> Work order: Each line in the material below, starting at the one with "Ученики 3Б класса" and ending at the one with "Aros iD Agnes", is to be reproduced exactly; no picture is to be copied.

> Records for this exercise:
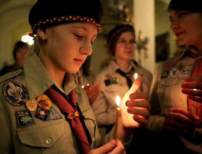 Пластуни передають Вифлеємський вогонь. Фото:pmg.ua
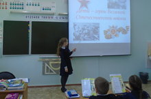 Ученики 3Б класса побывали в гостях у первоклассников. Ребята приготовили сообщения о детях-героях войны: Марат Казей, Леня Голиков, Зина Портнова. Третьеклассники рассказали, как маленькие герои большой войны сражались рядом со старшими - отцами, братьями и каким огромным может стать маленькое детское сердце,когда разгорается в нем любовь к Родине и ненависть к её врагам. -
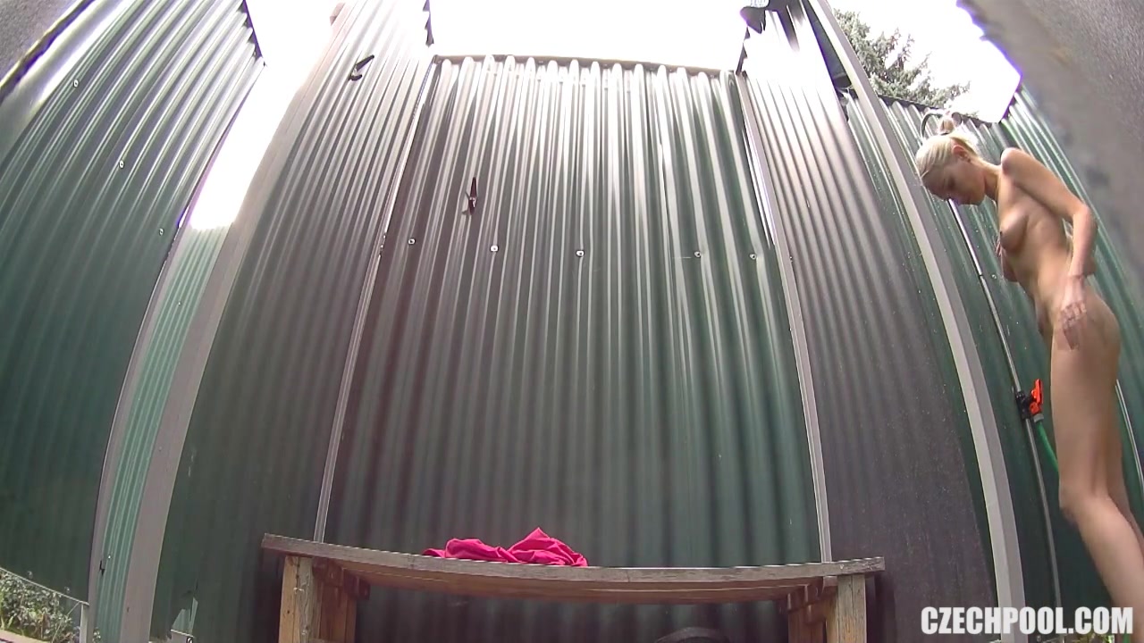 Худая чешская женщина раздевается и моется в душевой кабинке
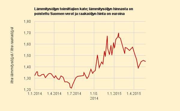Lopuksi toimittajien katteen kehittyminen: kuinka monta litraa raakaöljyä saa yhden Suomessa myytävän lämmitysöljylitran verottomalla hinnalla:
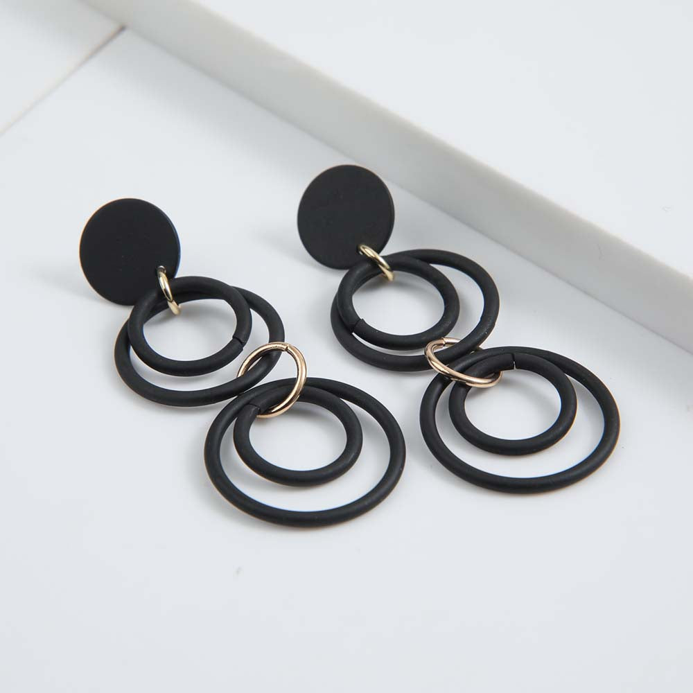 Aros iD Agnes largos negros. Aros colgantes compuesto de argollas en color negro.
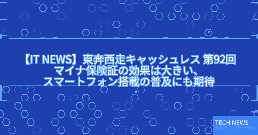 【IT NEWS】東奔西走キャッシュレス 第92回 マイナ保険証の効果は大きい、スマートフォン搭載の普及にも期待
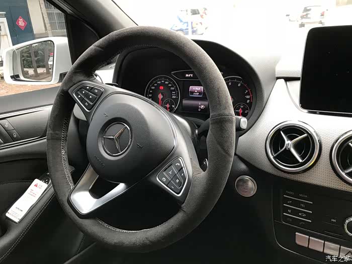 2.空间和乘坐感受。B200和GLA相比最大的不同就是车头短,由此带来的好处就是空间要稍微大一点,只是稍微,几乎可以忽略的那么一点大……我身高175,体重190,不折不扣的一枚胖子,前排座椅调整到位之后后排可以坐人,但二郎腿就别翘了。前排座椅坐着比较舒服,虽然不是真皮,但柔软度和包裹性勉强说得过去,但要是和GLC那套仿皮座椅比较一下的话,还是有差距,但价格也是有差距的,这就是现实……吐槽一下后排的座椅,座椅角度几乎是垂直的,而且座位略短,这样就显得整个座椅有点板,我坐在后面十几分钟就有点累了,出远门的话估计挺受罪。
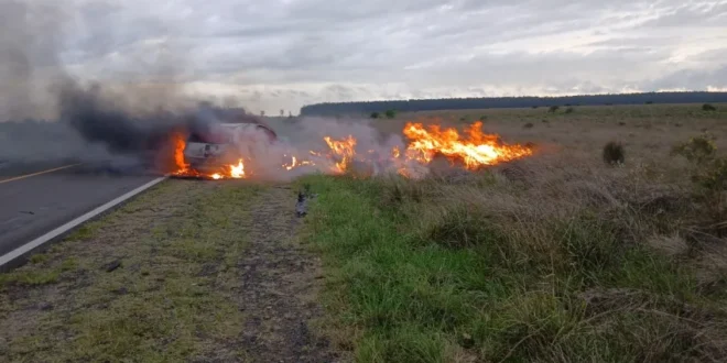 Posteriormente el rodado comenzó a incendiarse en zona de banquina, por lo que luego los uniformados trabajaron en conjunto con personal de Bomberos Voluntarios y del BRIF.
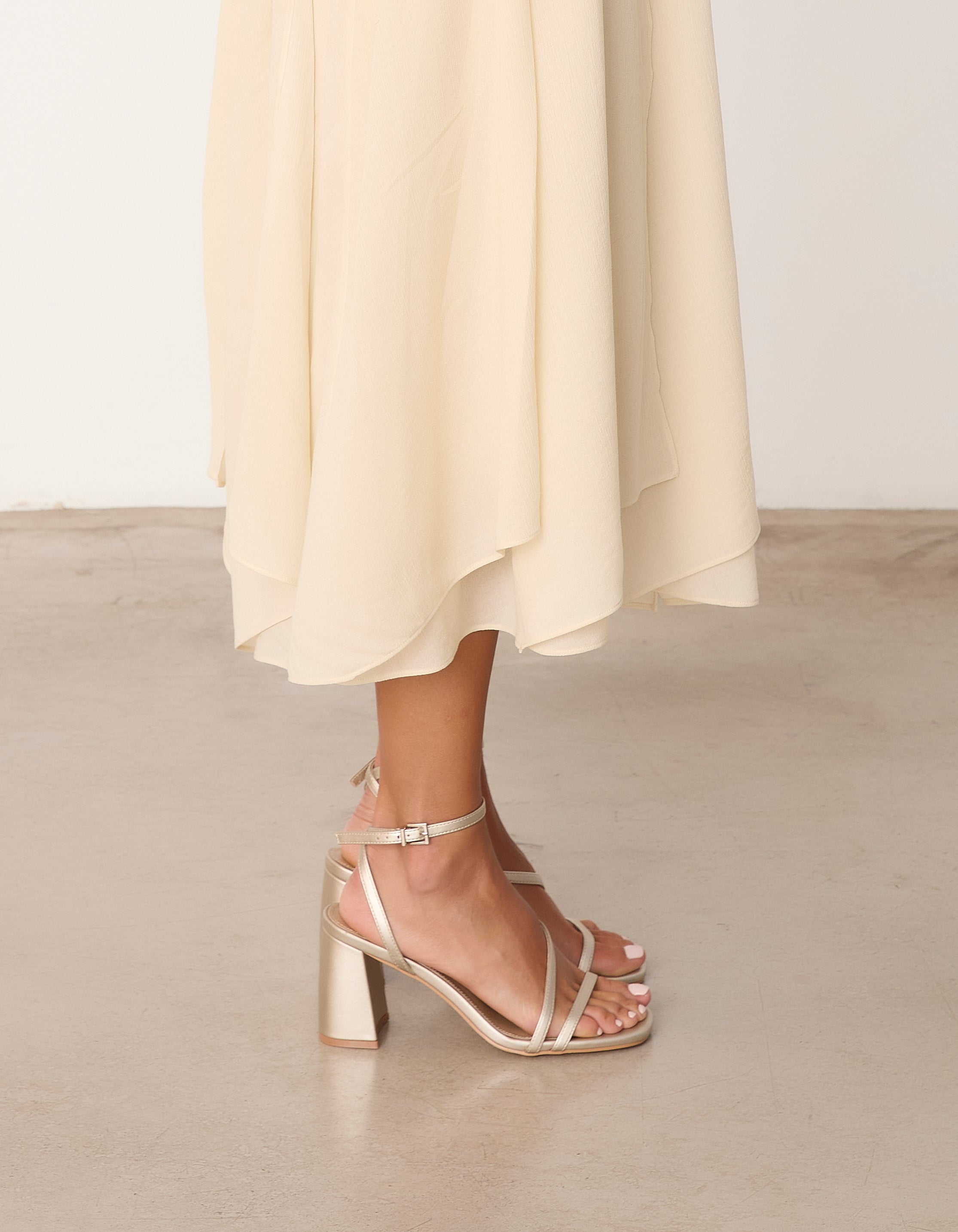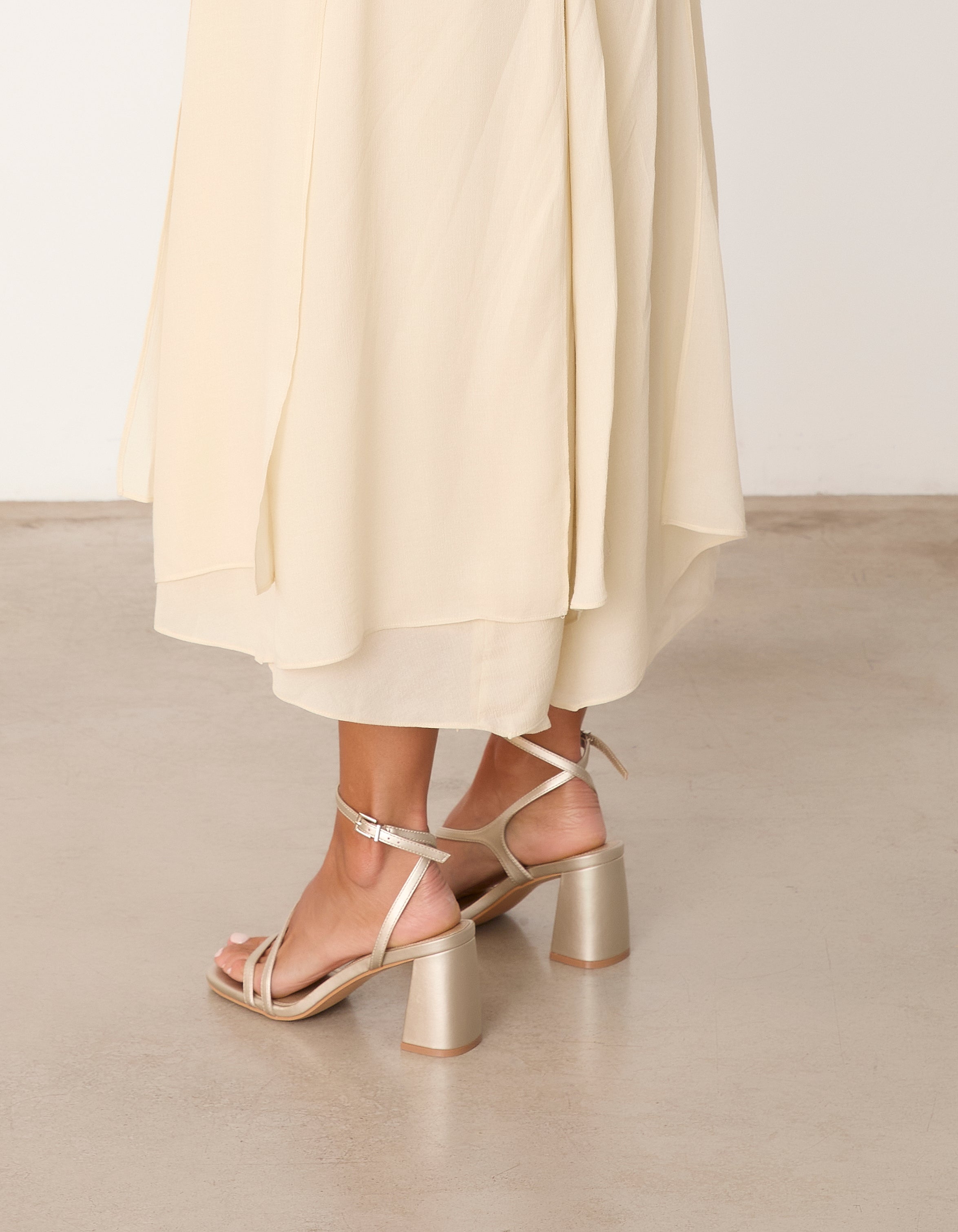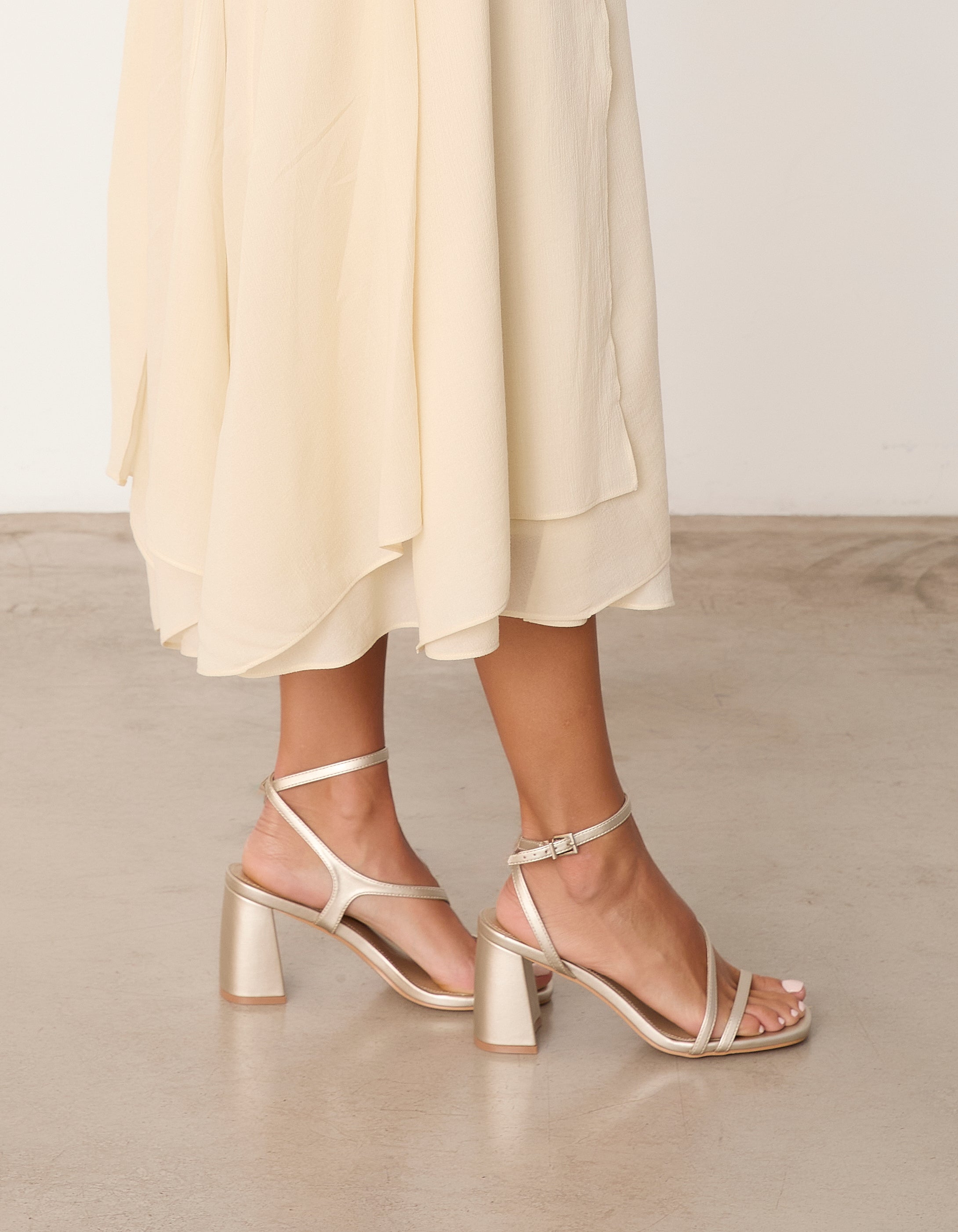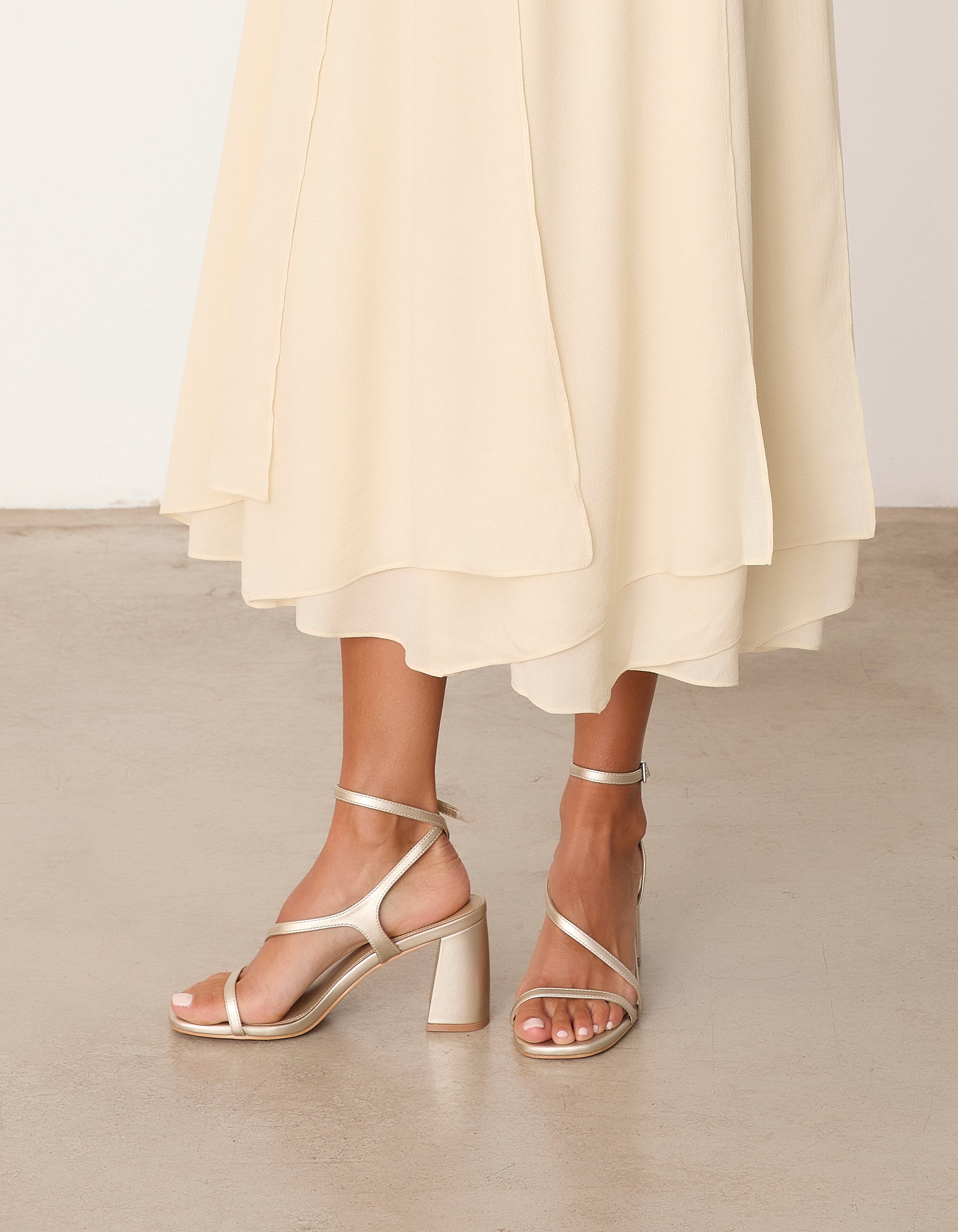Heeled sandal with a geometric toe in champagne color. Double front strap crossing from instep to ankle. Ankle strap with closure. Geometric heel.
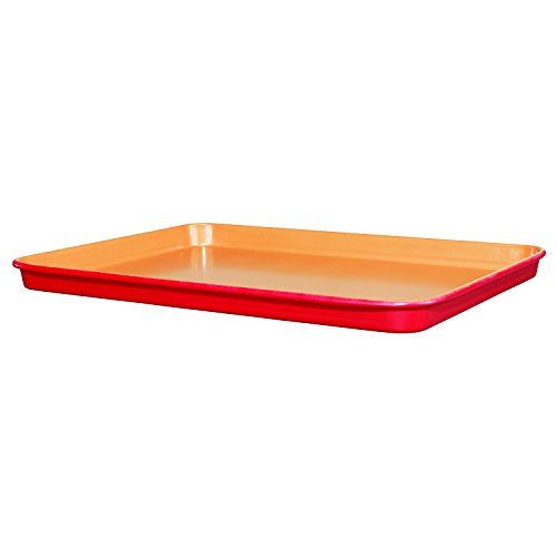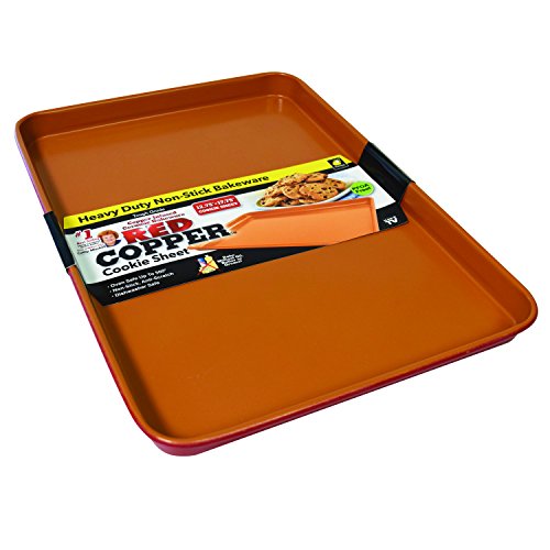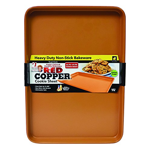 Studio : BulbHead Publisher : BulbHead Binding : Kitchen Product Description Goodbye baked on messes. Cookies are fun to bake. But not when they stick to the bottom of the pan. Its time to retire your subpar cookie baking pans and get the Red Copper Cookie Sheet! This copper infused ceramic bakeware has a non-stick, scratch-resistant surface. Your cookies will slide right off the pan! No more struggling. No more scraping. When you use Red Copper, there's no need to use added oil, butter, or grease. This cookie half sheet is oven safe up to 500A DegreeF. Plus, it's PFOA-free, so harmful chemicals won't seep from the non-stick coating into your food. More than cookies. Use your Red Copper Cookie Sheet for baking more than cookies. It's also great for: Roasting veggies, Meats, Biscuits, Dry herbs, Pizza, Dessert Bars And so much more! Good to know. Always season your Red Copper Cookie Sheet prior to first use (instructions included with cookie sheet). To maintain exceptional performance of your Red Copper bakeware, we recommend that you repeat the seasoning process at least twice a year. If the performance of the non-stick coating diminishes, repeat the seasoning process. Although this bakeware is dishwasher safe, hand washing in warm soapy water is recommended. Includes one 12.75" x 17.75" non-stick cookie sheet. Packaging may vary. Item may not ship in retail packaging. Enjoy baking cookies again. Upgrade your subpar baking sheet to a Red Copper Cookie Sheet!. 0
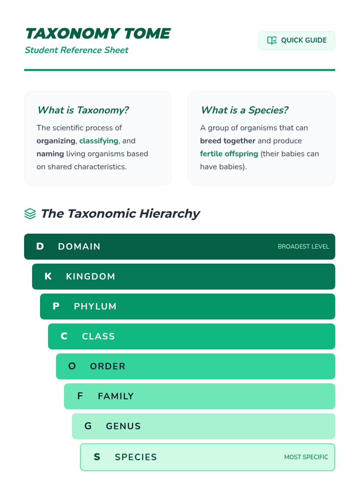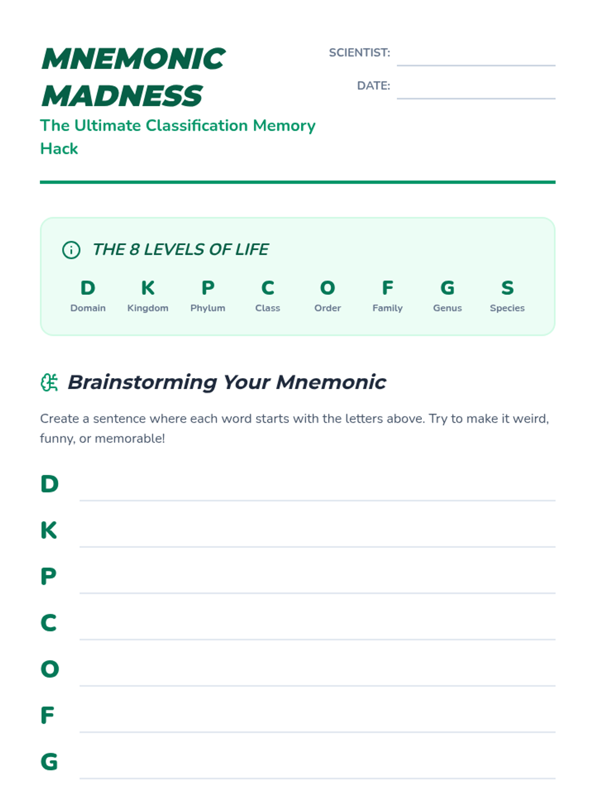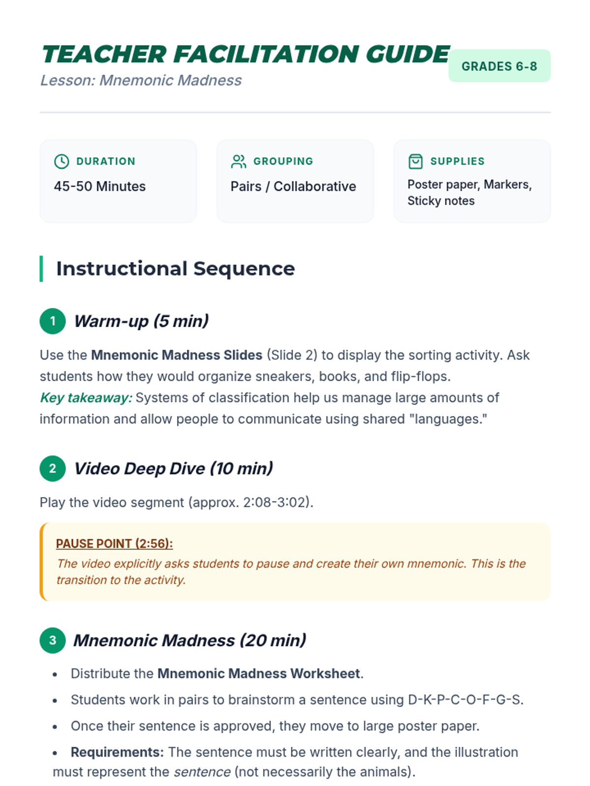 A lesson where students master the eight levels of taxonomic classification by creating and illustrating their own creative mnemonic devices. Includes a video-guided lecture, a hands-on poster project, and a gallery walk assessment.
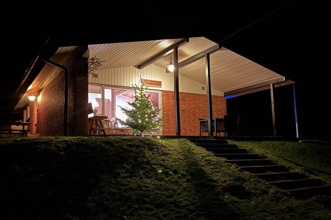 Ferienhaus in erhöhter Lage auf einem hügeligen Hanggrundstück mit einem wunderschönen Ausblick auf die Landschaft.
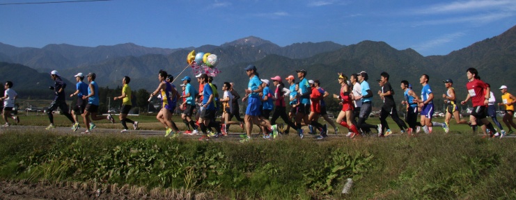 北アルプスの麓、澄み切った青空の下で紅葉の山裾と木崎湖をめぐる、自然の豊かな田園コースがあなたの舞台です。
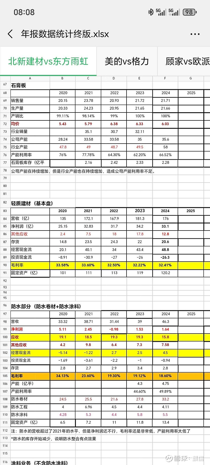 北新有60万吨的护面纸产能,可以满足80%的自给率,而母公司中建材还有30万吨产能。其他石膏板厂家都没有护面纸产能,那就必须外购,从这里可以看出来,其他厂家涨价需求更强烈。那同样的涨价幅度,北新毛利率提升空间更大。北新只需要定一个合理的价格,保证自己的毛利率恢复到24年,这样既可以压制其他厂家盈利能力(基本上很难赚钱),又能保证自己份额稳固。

> The completed task:
 Ученики 3Б класса побывали в гостях у первоклассников. Ребята приготовили сообщения о детях-героях войны: Марат Казей, Леня Голиков, Зина Портнова. Третьеклассники рассказали, как маленькие герои большой войны сражались рядом со старшими - отцами, братьями и каким огромным может стать маленькое детское сердце,когда разгорается в нем любовь к Родине и ненависть к её врагам. -
 Худая чешская женщина раздевается и моется в душевой кабинке
Lopuksi toimittajien katteen kehittyminen: kuinka monta litraa raakaöljyä saa yhden Suomessa myytävän lämmitysöljylitran verottomalla hinnalla:
 Aros iD Agnes largos negros. Aros colgantes compuesto de argollas en color negro.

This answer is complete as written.